**Activity:** Reproduce the lines below verbatim. Pictures are to be omitted.

**Data excerpt:**
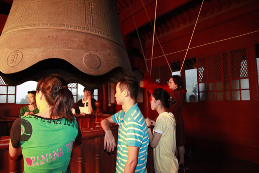 “天童古寺宏伟壮观的钟楼上,六位肃穆庄严的聋哑青年男女,缓缓的迈步向前,走到宏大的铜钟下面,将充满青春活力的双掌虔诚的按在了厚重古朴的钟身上,轻轻颔首.......象是在诉说心中的祝福。随后,他们向旁边一位慈祥的老居士轻轻点头,老居士随即敲响了钟声,宏亮而庄严的钟声顿时响彻在了这古老清幽的千年古刹之中....."
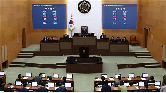 서울시의회는 본회의에서 서울특별시 학생인권조례 폐지조례안을 재석의원 60명 중 찬성 60명, 반대 0명, 기권 0명으로 가결했습니다. "의회 만장일치로 학생인권을 짓밟는 게 말이 되는가?" 하고 분노하는 분이 계시겠지만, 더불어민주당 소속 시의원들은 이날 폐지조례안 상정에 반발해 보이콧했습니다. 표결에 찬성한 60명은 전부 아이들과 젊은이들을 짓밟지 못해 안달인 국민의힘 소속 시의원이었습니다.
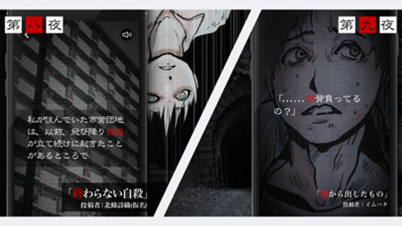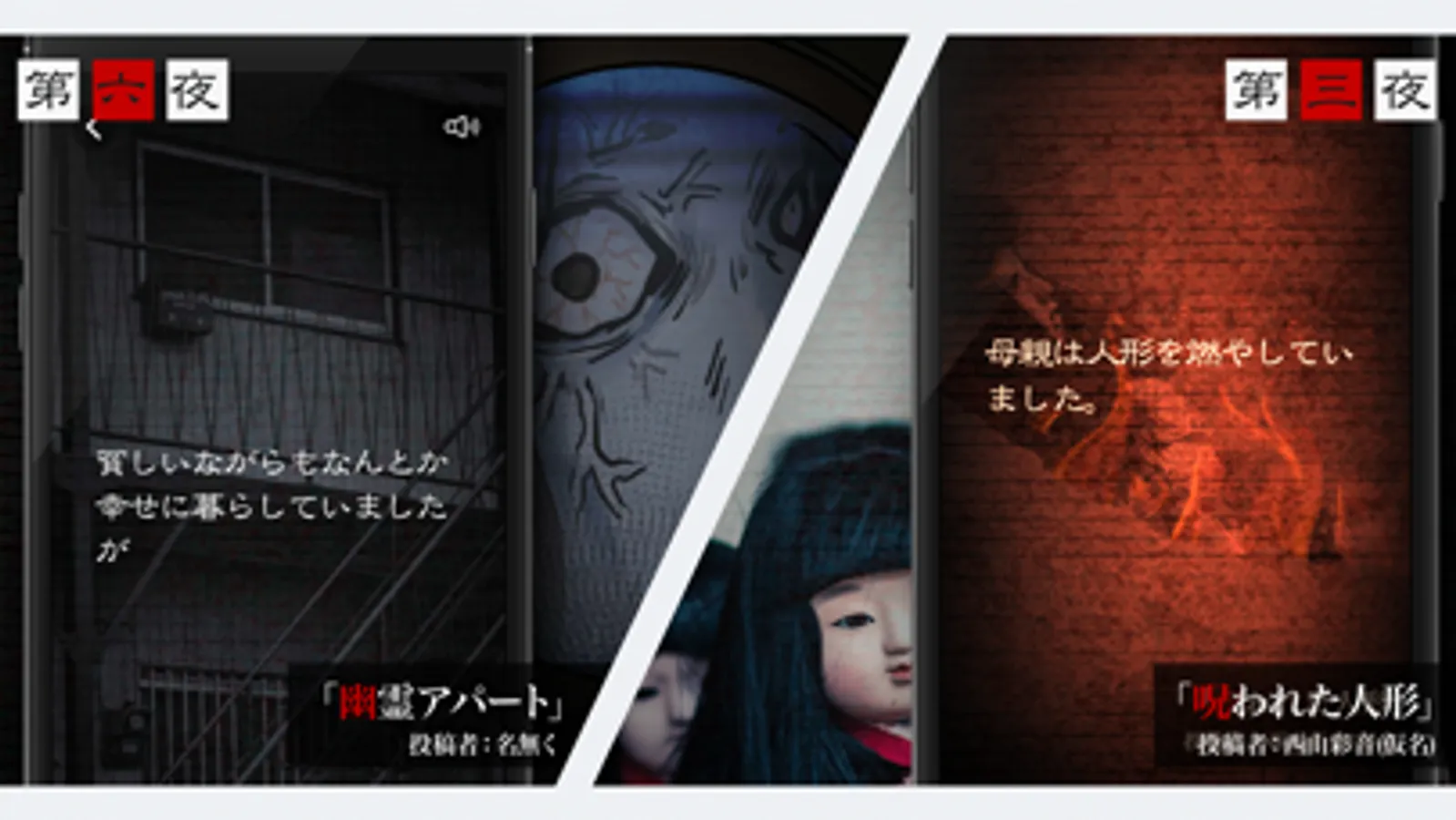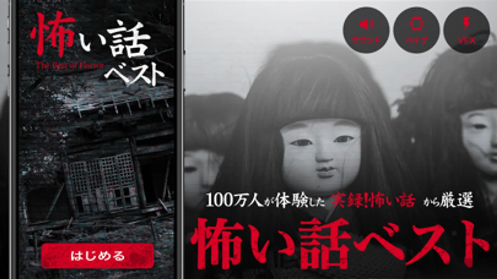 震える!鳴る!現れる!五感で脳を震わせるホラー短編集!深夜ひとりで迫りくる恐怖に耐えるのも良し、友達同士で一緒に楽しむのも良しの無料のホラーアプリです!

**Response for this exercise:**
 “天童古寺宏伟壮观的钟楼上,六位肃穆庄严的聋哑青年男女,缓缓的迈步向前,走到宏大的铜钟下面,将充满青春活力的双掌虔诚的按在了厚重古朴的钟身上,轻轻颔首.......象是在诉说心中的祝福。随后,他们向旁边一位慈祥的老居士轻轻点头,老居士随即敲响了钟声,宏亮而庄严的钟声顿时响彻在了这古老清幽的千年古刹之中....."
 서울시의회는 본회의에서 서울특별시 학생인권조례 폐지조례안을 재석의원 60명 중 찬성 60명, 반대 0명, 기권 0명으로 가결했습니다. "의회 만장일치로 학생인권을 짓밟는 게 말이 되는가?" 하고 분노하는 분이 계시겠지만, 더불어민주당 소속 시의원들은 이날 폐지조례안 상정에 반발해 보이콧했습니다. 표결에 찬성한 60명은 전부 아이들과 젊은이들을 짓밟지 못해 안달인 국민의힘 소속 시의원이었습니다.
 震える!鳴る!現れる!五感で脳を震わせるホラー短編集!深夜ひとりで迫りくる恐怖に耐えるのも良し、友達同士で一緒に楽しむのも良しの無料のホラーアプリです!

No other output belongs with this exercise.